El magistrado reclama unidad entre las instituciones y cuestiona el enfrentamiento entre administraciones.
"Yo pensé que los poderes públicos estaban actuando de manera conjunta", afirma. Y advierte: "Que empecemos a lanzarnos los trastos a la cabeza, unos a otros, debilita nuestro país frente a nuestros enemigos exteriores". También se refiere al presidente de Ceuta, Juan Vivas, cuya actuación considera correcta en las formas. "Ha obrado de una manera correcta, educada", señala. "Es un señor que habla con mucha educación".
"Se pueden simplificar los trámites"
Desde una perspectiva estrictamente jurídica, Villegas propone actuar en dos horizontes diferentes. A corto plazo, considera que los procedimientos pueden agilizarse. "Yo puedo sugerir, como hombre, como jurista, porque he estudiado la materia, que se pueden simplificar los trámites, obviamente, para que todo vaya más rápido", explica.
A más largo plazo, sitúa las posibles reformas en el ámbito de la política legislativa. "Se puede modificar la legislación ya para materias a más largo plazo", afirma.
Entre las posibilidades que plantea está revisar las condiciones para acceder a la nacionalidad y a la residencia legal en España. "De manera que sea más difícil adquirir la nacionalidad española, que sea más difícil tener una residencia legal, regular en España", señala.

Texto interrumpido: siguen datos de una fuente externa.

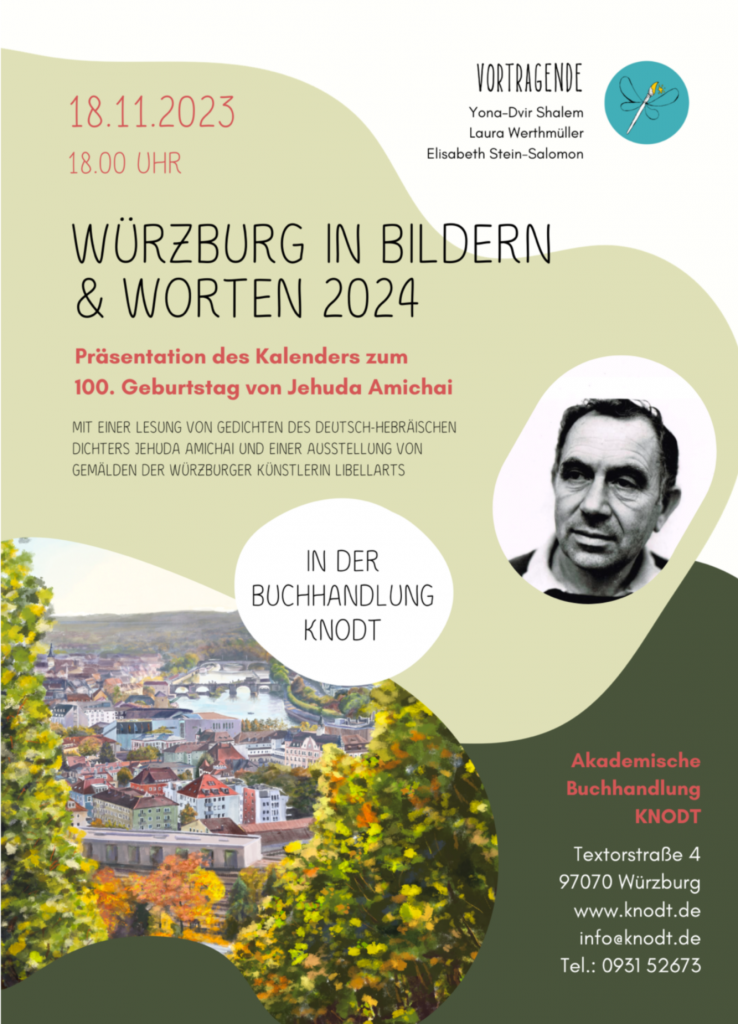Ganz neu gibt es jetzt aber einen Würzburg-Kalender von mir und meinem Freund, Dichter und Übersetzter Yona-Dvir Shalem. Darin findet ihr nicht nur farbenfrohe Landschaftsmalerei von mir, sondern auch sehr schöne Gedichte von Jehudua Amichai, einem hebräischen Dichter, der 1924 in Würzburg geboren wurde und zur Zeit des Nationalsozialismus nach Israel/Palästina flüchten musste. Amichai hätte im Jahr 2024 seinen 100. Geburtstag gefeiert. Zu diesem Anlass hat Dvir Amichais Gedichte, die sowohl auf einer konkreten als auch auf einer metaphorischen Ebene Bezüge zu Würzburg aufweisen, aus dem Hebräischen übersetzt. Und tatsächlich passen sie wunderbar zu meinen Würzburg-Gemälden.

Villegas sostiene que las condiciones legales pueden influir en las decisiones migratorias. "Esta gente viene aquí porque cree que le conviene", afirma. A su juicio, si se modificaran determinadas condiciones de acceso a la residencia, la nacionalidad o el arraigo, podría cambiar también el incentivo para emprender el viaje hacia España.

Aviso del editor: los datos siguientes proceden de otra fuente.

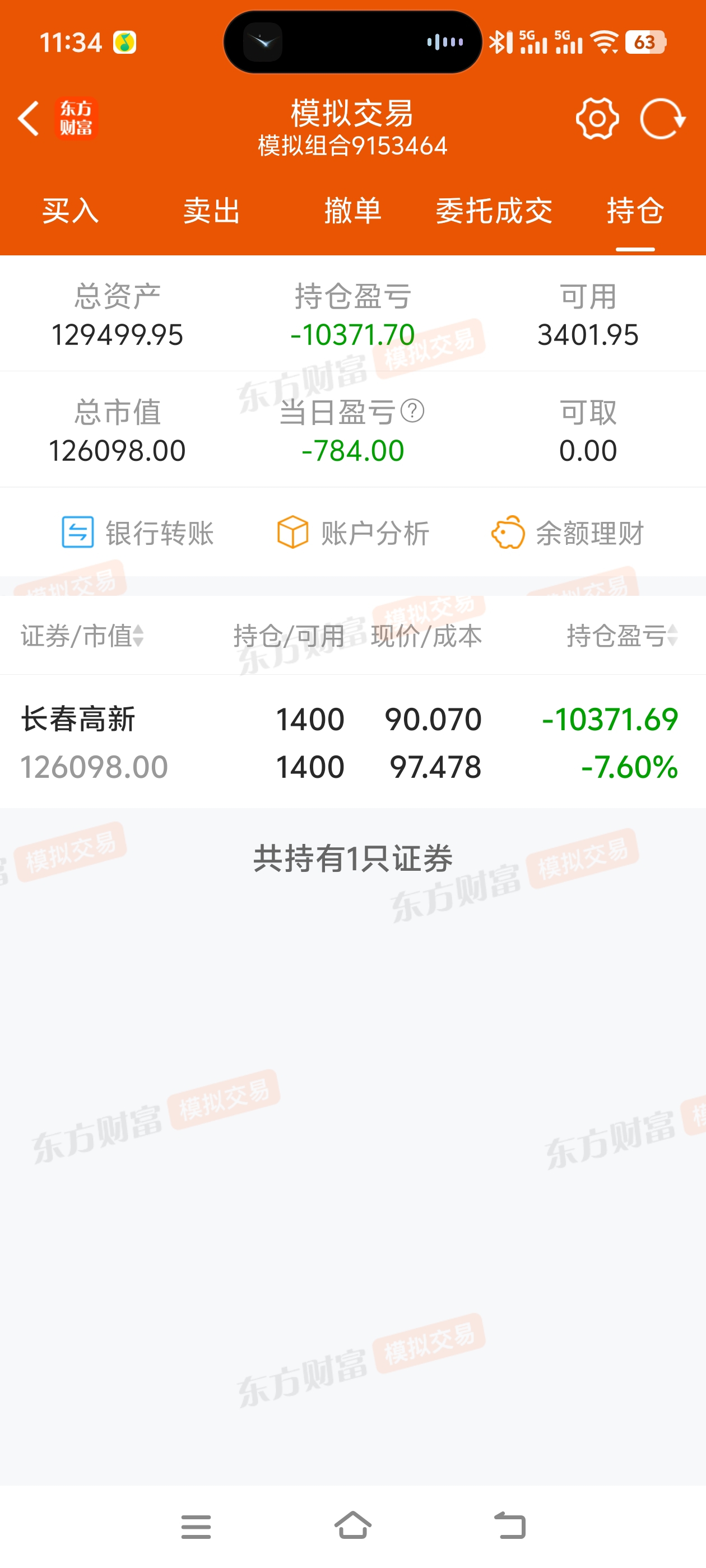 $长春高新(SZ000661)$ 之前实盘在这里亏了2w,现在模拟盘杀进来又给我套了,本色不改

"Si se crean unas condiciones legales para que esta gente diga: 'Oye, mira, a mí no me interesa estar en España, porque mi situación legal no va a ser la adecuada, no voy a tener arraigo, no me van a dar la nacionalidad, no voy a tener las suficientes oportunidades que busco', pues tal vez no vendrían", plantea.
No obstante, vuelve a marcar una frontera clara entre las competencias judiciales y las políticas.
"Nuestro ordenamiento es muy generoso con los inmigrantes"
El magistrado considera que cualquier modificación de las condiciones de entrada, residencia o nacionalidad corresponde al Ejecutivo y al Legislativo, no a los jueces. "Nuestro ordenamiento político es muy generoso con los inmigrantes, sean legales o ilegales", sostiene.
Y concluye con una delimitación de responsabilidades: "Si queremos que las cosas cambien, pues eso es una tarea del Ejecutivo y del Legislativo, no de los jueces".